Neuronal aldosterone elicits a distinct genomic response in pain signaling molecules contributing to inflammatory pain.

BACKGROUND: Recently, mineralocorticoid receptors (MR) were identified in peripheral nociceptive neurons, and their acute antagonism was responsible for immediate and short-lasting (non-genomic) antinociceptive effects. The same neurons were shown to produce the endogenous ligand aldosterone by the enzyme aldosterone synthase.

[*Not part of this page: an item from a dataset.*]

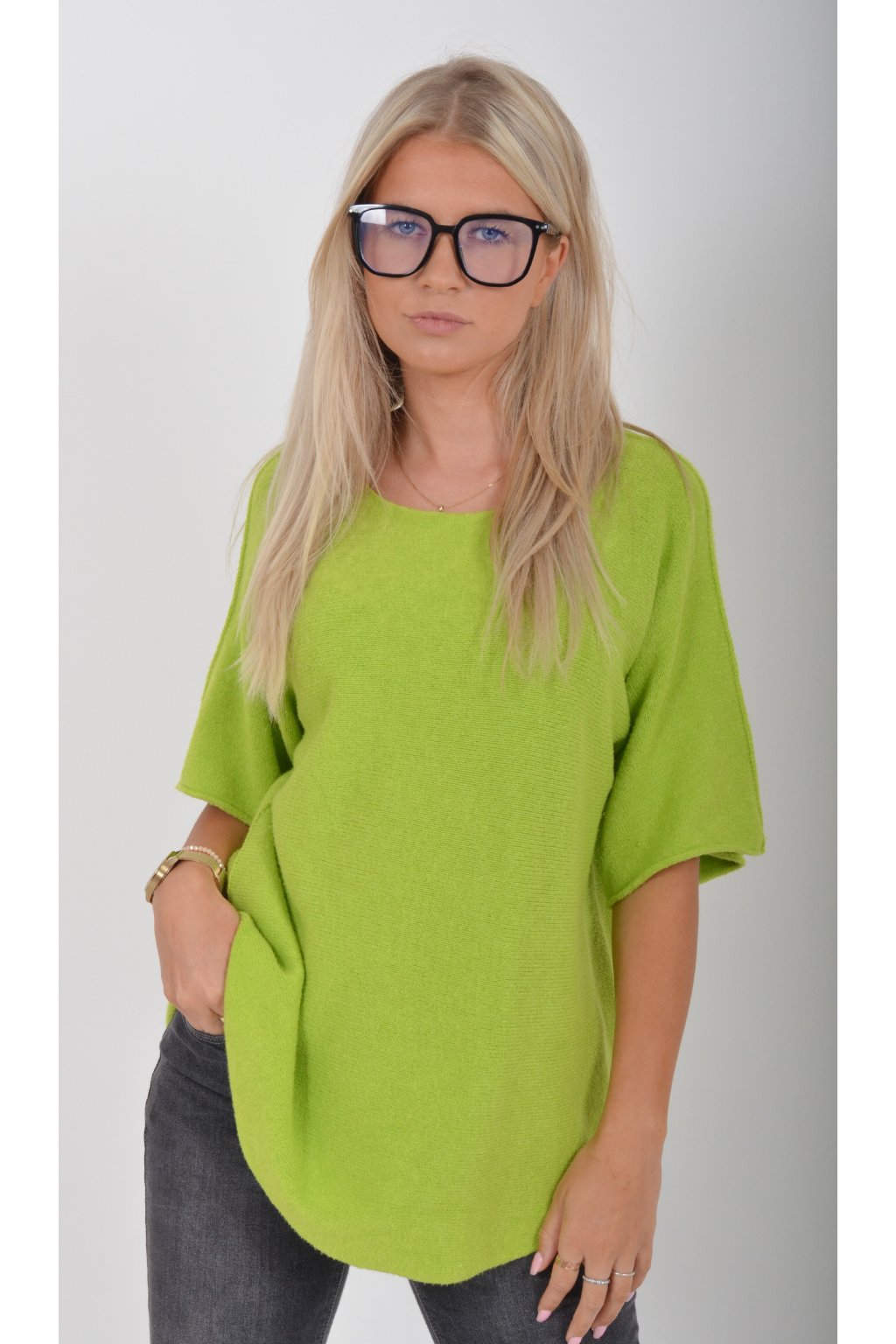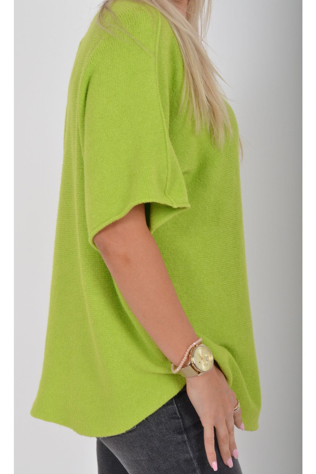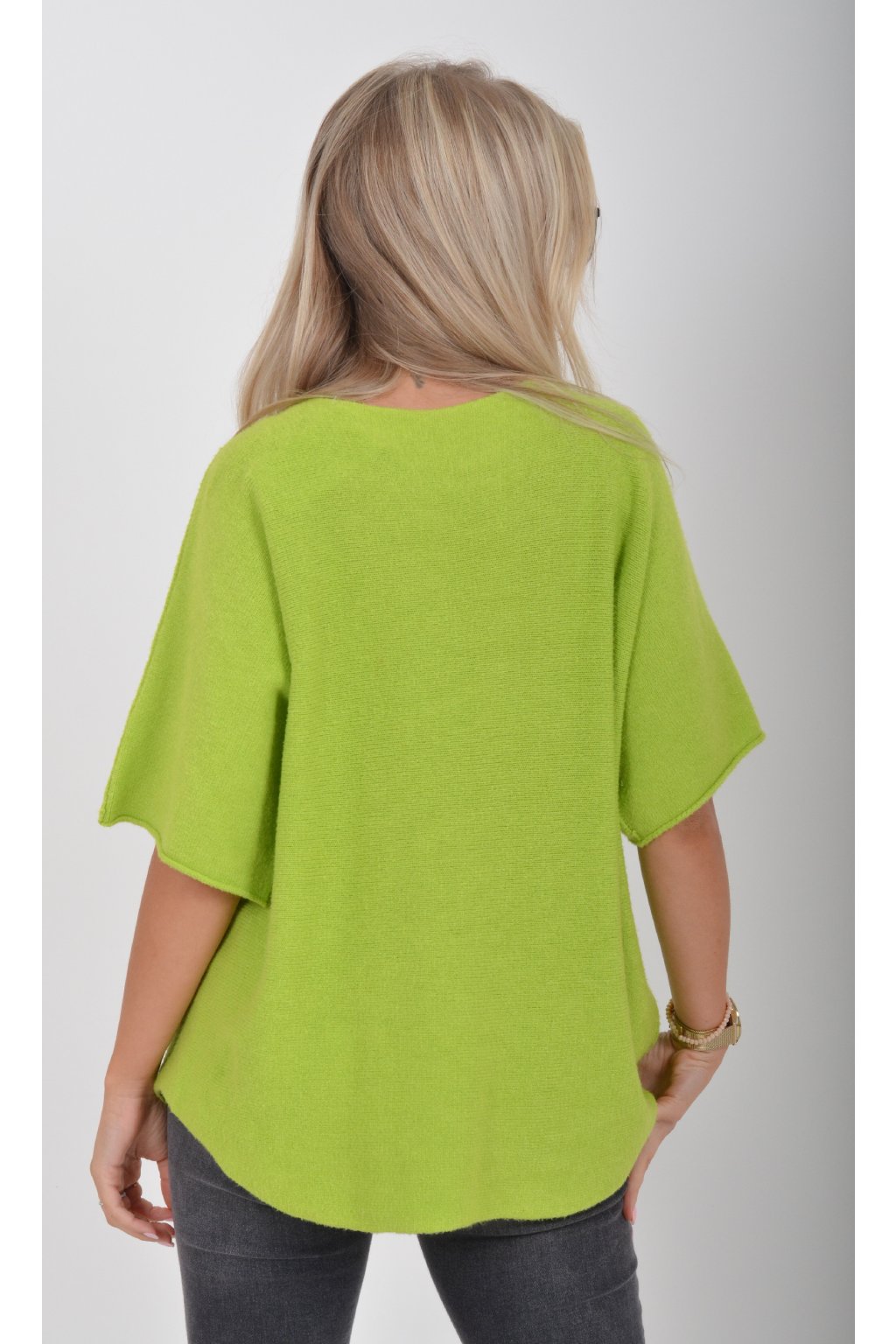 Tenký svetr s krátkým rukávem z nekousavého, velice jemného a příjemného materiálu.

METHODS: Here, we investigate whether endogenous aldosterone contributes to inflammation-induced hyperalgesia via the distinct genomic regulation of specific pain signaling molecules in an animal model of Freund's complete adjuvant (FCA)-induced hindpaw inflammation. RESULTS: Chronic intrathecal application of MR antagonist canrenoate-K (over 4 days) attenuated nociceptive behavior in rats with FCA hindpaw inflammation suggesting a tonic activation of neuronal MR by endogenous aldosterone. Consistently, double immunofluorescence confocal microscopy showed abundant co-localization of MR with several pain signaling molecules such as TRPV1, CGRP, Nav1.8, and trkA whose enhanced expression of mRNA and proteins during inflammation was downregulated following i.t. canrenoate-K. More importantly, inhibition of endogenous aldosterone production in peripheral sensory neurons by continuous intrathecal delivery of a specific aldosterone synthase inhibitor prevented the inflammation-induced enhanced transcriptional expression of TRPV1, CGRP, Nav1.8, and trkA and subsequently attenuated nociceptive behavior. Evidence for such a genomic effect of endogenous aldosterone was supported by the demonstration of an enhanced nuclear translocation of MR in peripheral sensory dorsal root ganglia (DRG) neurons. CONCLUSION: Taken together, chronic inhibition of local production of aldosterone by its processing enzyme aldosterone synthase within peripheral sensory neurons may contribute to long-lasting downregulation of specific pain signaling molecules and may, thus, persistently reduce inflammation-induced hyperalgesia.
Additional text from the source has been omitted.